VIZZ aims to differentiate itself through its core chemistry. The drop’s active ingredient is aceclidine, making it the first and only FDA-approved therapy in its class. Unlike pilocarpine, which constricts the pupil but also engages the eye’s ciliary muscle, aceclidine is described as a “predominantly pupil-selective” miotic. In simpler terms, it focuses on shrinking the pupil to create a natural “pinhole effect,” which increases the eye’s depth of focus. This targeted mechanism is designed to significantly improve near vision without causing a “myopic shift”—the unintentional blurring of distance vision that can be a drawback of other miotics.

“We are honored to partner with SJP to introduce a unique new alternative to reading glasses,” said Eef Schimmelpennink, CEO of LENZ Therapeutics. “With VIZZ, we're excited to provide a revolutionary option that helps people regain the visual freedom they've been missing.”

The clinical data underpinning its July 2025 FDA approval is robust. In the CLARITY Phase 3 trials, VIZZ demonstrated a rapid onset, with many users seeing improvement within 30 minutes. Across the studies, a significant majority of participants gained three or more lines of near vision on a standard eye chart, an improvement that can mean the difference between needing glasses to read a phone and seeing it clearly.

The Price of Clear Sight

The potential market is enormous, encompassing nearly everyone over the age of 45. However, the success of VIZZ will hinge on more than just clinical efficacy and celebrity appeal. Key questions of access and affordability loom large. As a prescription-only product, patients must first visit an eye doctor, and the out-of-pocket cost will be a critical factor in adoption.

Competitor products hover around $80 for a 30-day supply, and it remains to be seen how LENZ will price VIZZ and, crucially, what level of coverage it will secure from insurance providers. Presbyopia treatments are often viewed as lifestyle enhancements rather than medical necessities by payers, posing a potential hurdle for reimbursement. LENZ has signaled a comprehensive commercial strategy, including a fully staffed sales force, broad sample distribution to eye care professionals, and partnerships with e-pharmacies to streamline access.

The “Make it VIZZable” campaign, which features Parker navigating New York City streets while effortlessly reading texts and scripts, is a clear attempt to frame the product’s value in terms of convenience and quality of life. The goal is to convince millions of consumers that freedom from reading glasses is worth the prescription and the price tag.

The View from the Clinic

Ultimately, the gatekeepers for VIZZ are the thousands of ophthalmologists and optometrists who will write the prescriptions. Initial sentiment from some clinical investigators is highly positive, with one eye doctor involved in the trials calling VIZZ a “disruptive paradigm shift” and a “welcome solution” that could become a new standard of care due to its favorable efficacy and safety profile.
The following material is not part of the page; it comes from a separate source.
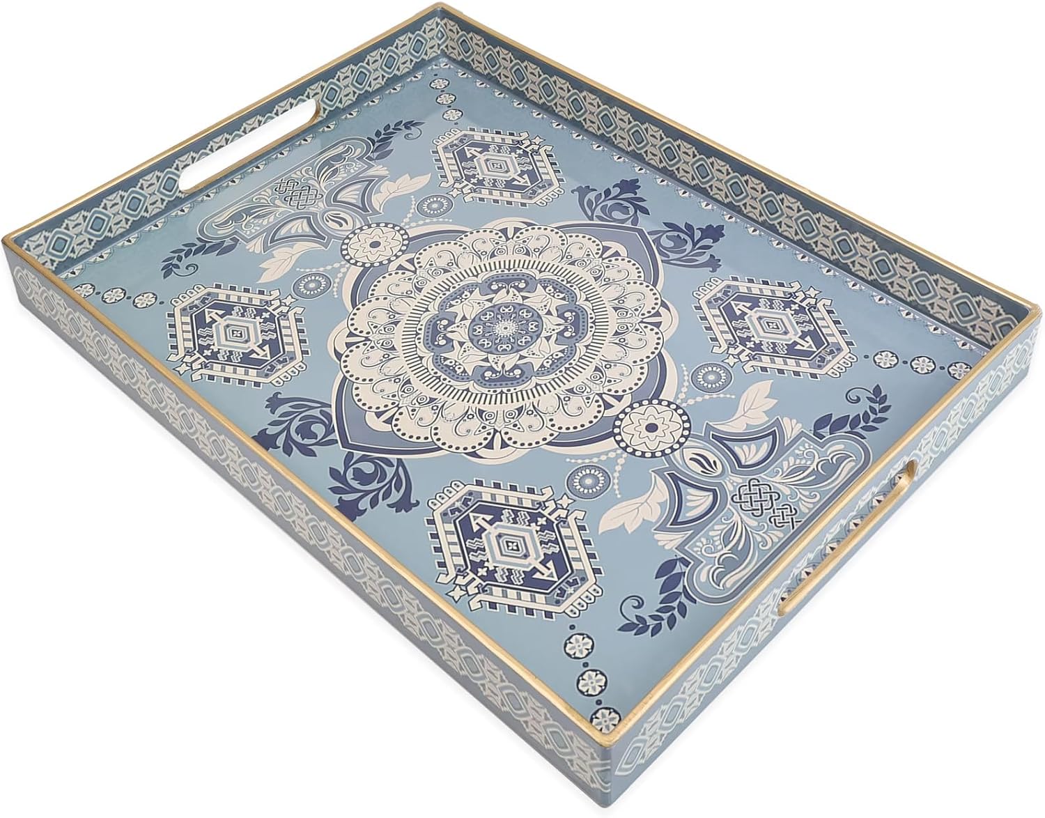 Rectangle Plastic Serving Tray with Handles, Elegant Decorative Tray for Coffee Table, Ottoman, Living Room, Kitchen, Outdoor Use. 12"*16"*1.6" B

However, the broader community of eye care professionals may be more circumspect, waiting to see how the drop performs in the real world outside the controlled environment of a clinical trial. They will be carefully evaluating patient satisfaction and tolerance for VIZZ’s own set of potential side effects. According to its prescribing information, the most common adverse reactions include instillation site irritation (20%), temporary dim vision (16%), and headache (13%).

For patients, setting realistic expectations will be key. These drops are not a permanent cure for presbyopia but a temporary, daily tool. As LENZ Therapeutics rolls out its ambitious launch, the true test will be whether the promise of convenience and clarity, amplified by a famous voice, is compelling enough to change the habits of a generation accustomed to reaching for their reading glasses.